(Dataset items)
══════
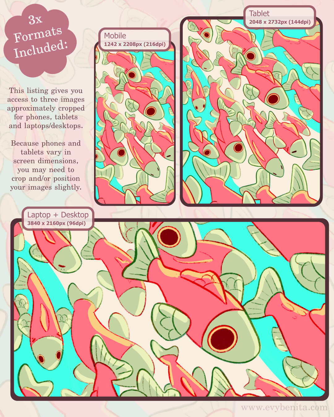 Because different manufacturers of mobile phones and tablets use varying screen dimensions, your device might ask you to crop and reposition your wallpaper slightly. If you ever feel like you’re losing an important part of the illustration because of this, please don’t hesitate to get in touch with me. I’m more than happy to send you an image with better bleed.
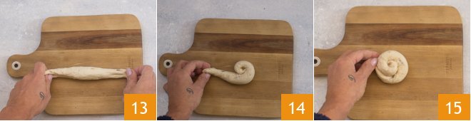 Form a log about 8 inches 13 and then twist it tightly on itself 14 to form a snail shape 15.
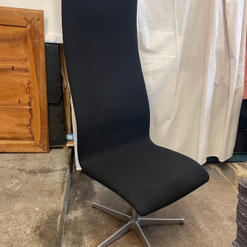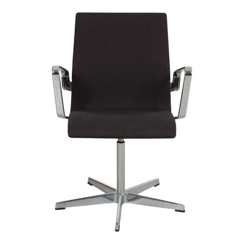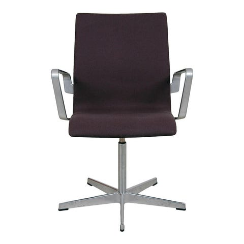 Arne Jacobsen lavrygget Oxford stol af den gamle version med polstret armlæn. Stolene er fra 1987, men er blevet ombetrukket i den nuværende stof for ca 10 år siden. Stolene fremstår i pæn stand med let patineret stof, især på armlænene.
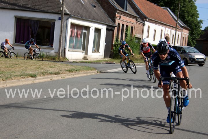 A 4 tours de l’arrivée, il ne seront plus que 5 aux commandes avec Kévin Blanpain ( VC Noeux ), Arnaud Masson ( ESEG Douai ), Christophe Thilloy ( Amiens Métropole Cyclisme ) et Jean François Thilloy ( Amiens Métropole Cyclisme ). Dylan Delplanque ( VSO ) qui avait beaucoup donné depuis l’ouverture des hostilités devait céder et se retrouver en 5ème position devant le jeune Justin Lefebvre ( Gazelec Douai ).
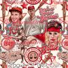 "Evelyn Roses" on Dark Red Cotton/Lycra
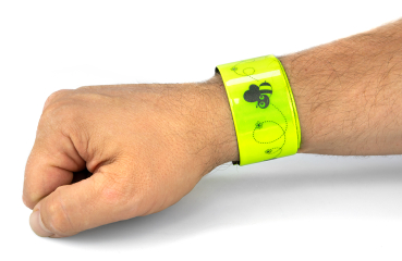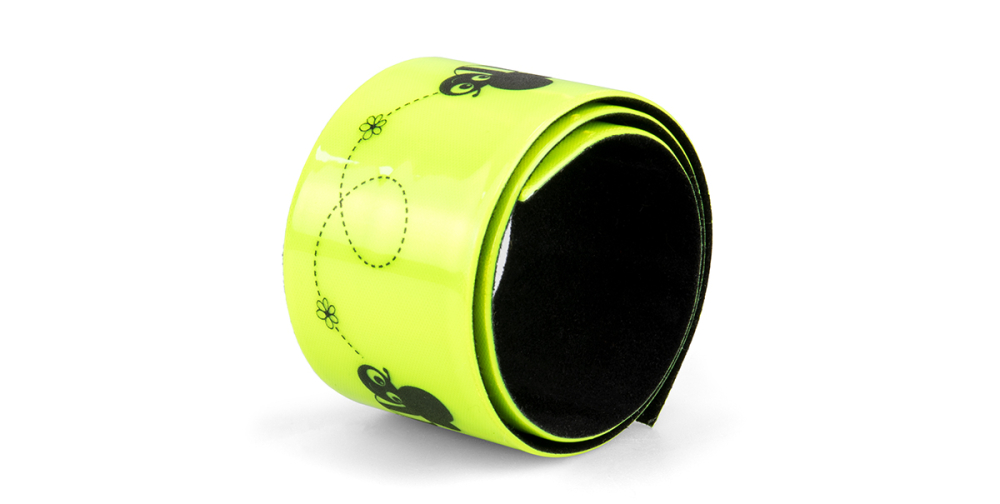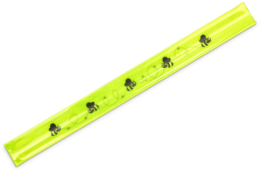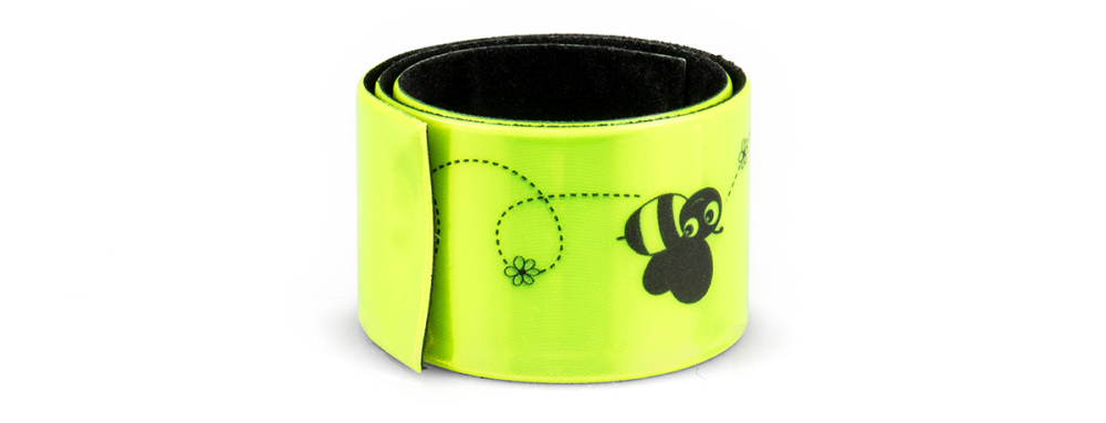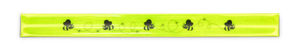 Reflektierendes, neongelbes Schnappband mit Aufdruck „Bienen“ für eine bessere Sichtbarkeit im Straßenverkehr. Hergestellt aus Kunststoff zum Tragen an Armen oder Beinen Länge ca. 33,5 cm, Breite ca. 3 cm
══════
# WHAT IS REQUIRED
The copy should hold only the lines from the one with "Arne Jacobsen lavrygget" through the one with "A 4 tours de", exactly as they stand above. Leave out the pictures.

# REPLY
 Arne Jacobsen lavrygget Oxford stol af den gamle version med polstret armlæn. Stolene er fra 1987, men er blevet ombetrukket i den nuværende stof for ca 10 år siden. Stolene fremstår i pæn stand med let patineret stof, især på armlænene.
 A 4 tours de l’arrivée, il ne seront plus que 5 aux commandes avec Kévin Blanpain ( VC Noeux ), Arnaud Masson ( ESEG Douai ), Christophe Thilloy ( Amiens Métropole Cyclisme ) et Jean François Thilloy ( Amiens Métropole Cyclisme ). Dylan Delplanque ( VSO ) qui avait beaucoup donné depuis l’ouverture des hostilités devait céder et se retrouver en 5ème position devant le jeune Justin Lefebvre ( Gazelec Douai ).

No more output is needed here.